The data:
Start of Block
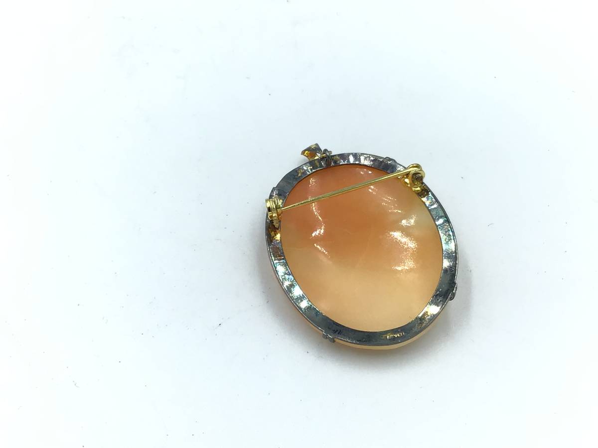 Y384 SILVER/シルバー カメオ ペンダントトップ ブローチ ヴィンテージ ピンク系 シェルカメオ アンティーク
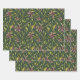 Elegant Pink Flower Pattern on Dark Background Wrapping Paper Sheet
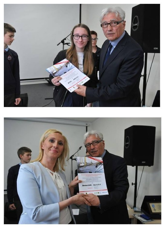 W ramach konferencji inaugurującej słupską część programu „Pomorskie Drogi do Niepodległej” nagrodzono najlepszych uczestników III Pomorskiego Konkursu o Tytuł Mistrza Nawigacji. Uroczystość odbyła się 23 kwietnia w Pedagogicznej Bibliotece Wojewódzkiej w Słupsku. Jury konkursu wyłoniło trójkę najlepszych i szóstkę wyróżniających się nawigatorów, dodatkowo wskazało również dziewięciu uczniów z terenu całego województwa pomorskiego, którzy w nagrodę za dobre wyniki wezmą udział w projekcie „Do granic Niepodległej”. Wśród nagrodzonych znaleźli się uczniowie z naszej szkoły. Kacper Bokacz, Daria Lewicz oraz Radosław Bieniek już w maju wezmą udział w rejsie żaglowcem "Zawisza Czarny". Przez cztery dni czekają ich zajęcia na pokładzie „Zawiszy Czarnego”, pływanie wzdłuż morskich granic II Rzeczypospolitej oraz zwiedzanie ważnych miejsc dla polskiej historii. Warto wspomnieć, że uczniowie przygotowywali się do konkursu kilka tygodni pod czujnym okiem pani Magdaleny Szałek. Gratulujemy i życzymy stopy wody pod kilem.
End of Block
Task instructions: Give back exactly the run of lines that opens the material above and ends at the line with "Elegant Pink Flower". Omit the pictures.

Completed exercise:
 Y384 SILVER/シルバー カメオ ペンダントトップ ブローチ ヴィンテージ ピンク系 シェルカメオ アンティーク
 Elegant Pink Flower Pattern on Dark Background Wrapping Paper Sheet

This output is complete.